Aaron C. Tan1, Do-Youn Oh2, Yee Chao3, Chih-Yi Hsieh4, Wei-Ling Chang4, Fenny Isanto4, Ying-Chen Chen4, Mark McHale4, Bertil Lindmark4, Matthew C. H. Ng1
Background: Varlitinib is a nanomolar inhibitor of EGFR, HER2, and HER4 and has shown potent anti-tumor activity as monotherapy in preclinical BTC models. During phase (Ph) 1 development, significant tumor shrinkage was observed in biliary tract cancer (BTC) patients (pts). Tissue microarray analysis has revealed that ~70% of BTC pts exhibit HER overexpression, suggesting varlitinib could be beneficial in BTC.

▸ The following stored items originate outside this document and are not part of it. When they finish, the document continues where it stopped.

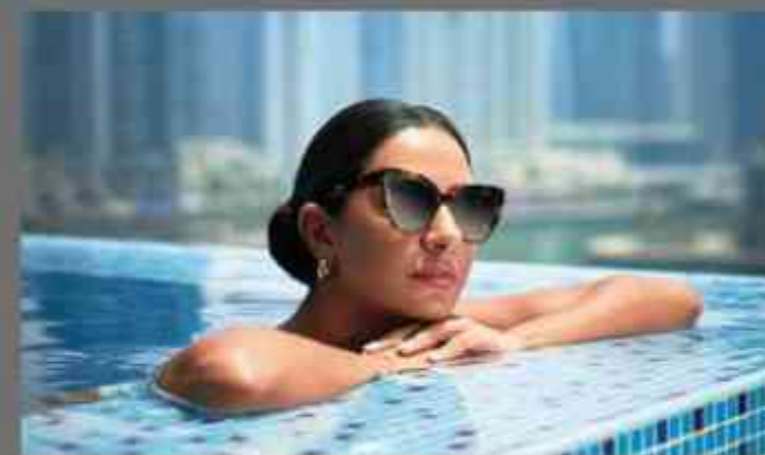
Lifestyle & Experiences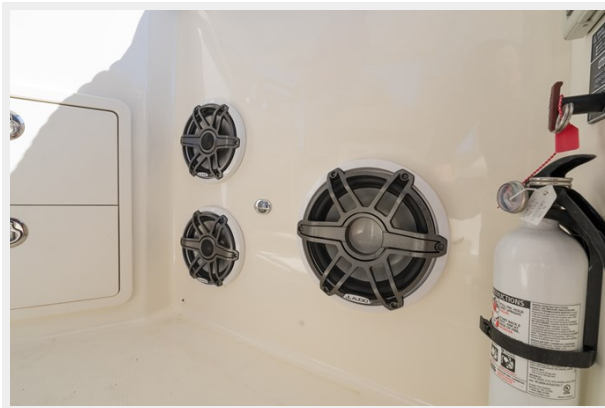
JL Audio speakers at the stbd helm deck counter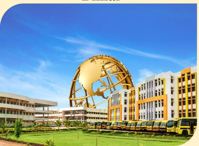
19th & 20th October 2024

Shri Shankaracharya Technical Campus Bhilai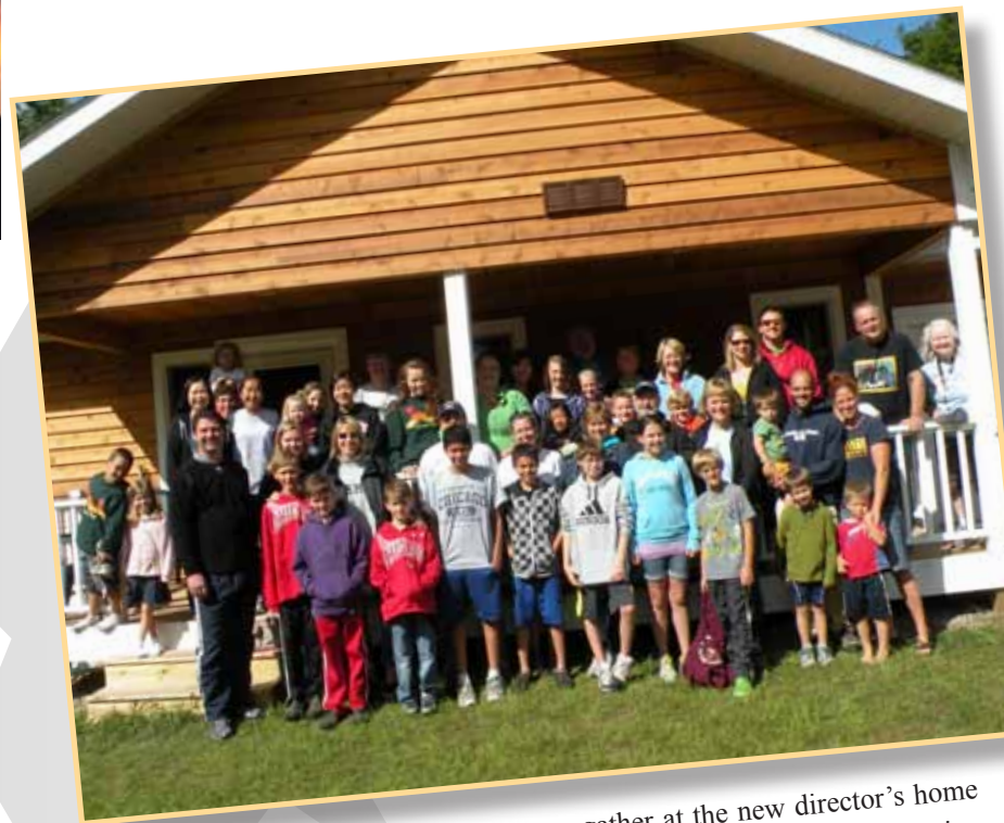
A group of family camp volunteers gather at the new director’s home after a week of service and a special time of praying for God’s blessing over the home.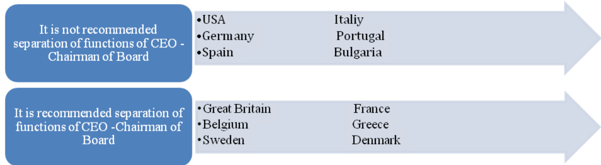
Fig. 3 Duality vs separation of functions CEO – Chairman of the Board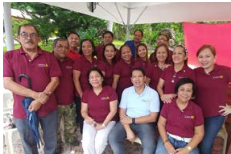
Z3 - RC Metro Passi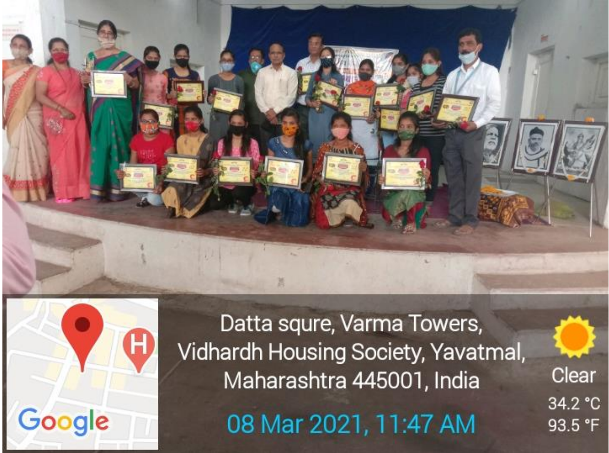
Felicitaton of Single Girl Child Parent to Celebrate International Women’s Day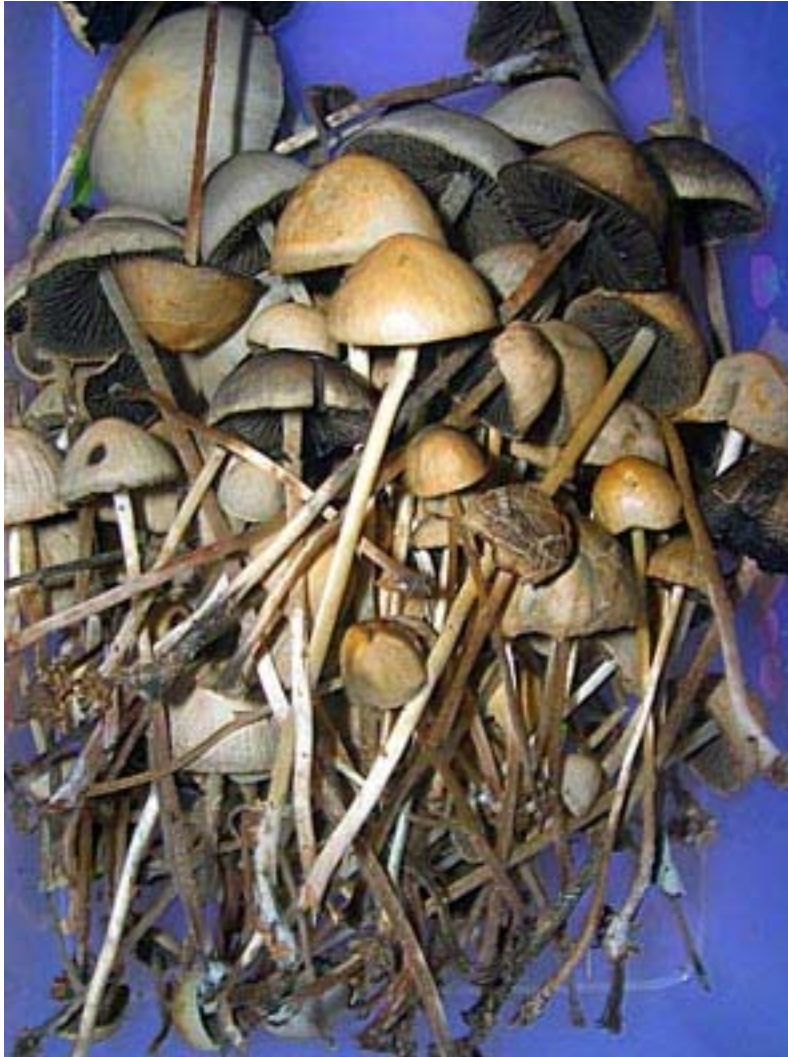
One Half hour of picking Copelandia cyanescens at the Ban Thurian Buffalo (Kwai) Arena. Koh Samui, Thailand.

Methods: Data from BTC pts were pooled from 3 Ph1 trials of varlitinib (dosed 200–500 mg BID) in combination with cisplatin and 5-FU/capecitabine (cape) (study 002); oxaliplatin and 5-FU/cape (study 002SG); cisplatin and gemcitabine (study 007). The depth of tumor response, disease control rate (DCR), and treatment-related adverse events (TRAEs) were analysed.
Results: As of 12 June 2018, 43 pts were recruited: 12 (27.9%); 10 (23.3%) and 21 (48.8%) from study 002; 002SG and 007 respectively. Studies 002SG and 007 were still ongoing at data cut-off. Twenty (46.5%) pts were male and the median age was 62 years (range, 42–82 years). Most tumors were cholangiocarcinoma (74.4%), followed by gallbladder cancer (16.3%) and carcinoma of the ampulla of Vater (9.3%). Fourteen (32.6%) pts had received ≥1 prior lines of treatment. Of the 37 pts evaluable for efficacy (those with measurable disease and received ≥1 dose of treatment), partial responses were observed in 10 (27.0%) pts and stable disease in 16 (43.2%) pts, with a DCR of 70.3%. The median depth of tumor response was −10.8% (range, −87.1% to 49.5%). Of 43 pts, the most frequent (≥30%) TRAE (any grade) were fatigue (37%), decreased appetite (34%), and nausea (32%) and the most common grade ≥3 TRAE were hyperbilirubinemia (12%), increased AST (9%), and neutropenia (9%). The median PFS data is not matured and will be provided if evaluable at the time of presentation.
Conclusions: Varlitinib with platinum-based chemotherapy has a promising efficacy and safety profile in BTC. A Ph2/3 randomised study of varlitinib and cape in 2nd line BTC and a Ph1b/2 study of varlitinib with platinum-based chemotherapy in 1st line BTC are ongoing.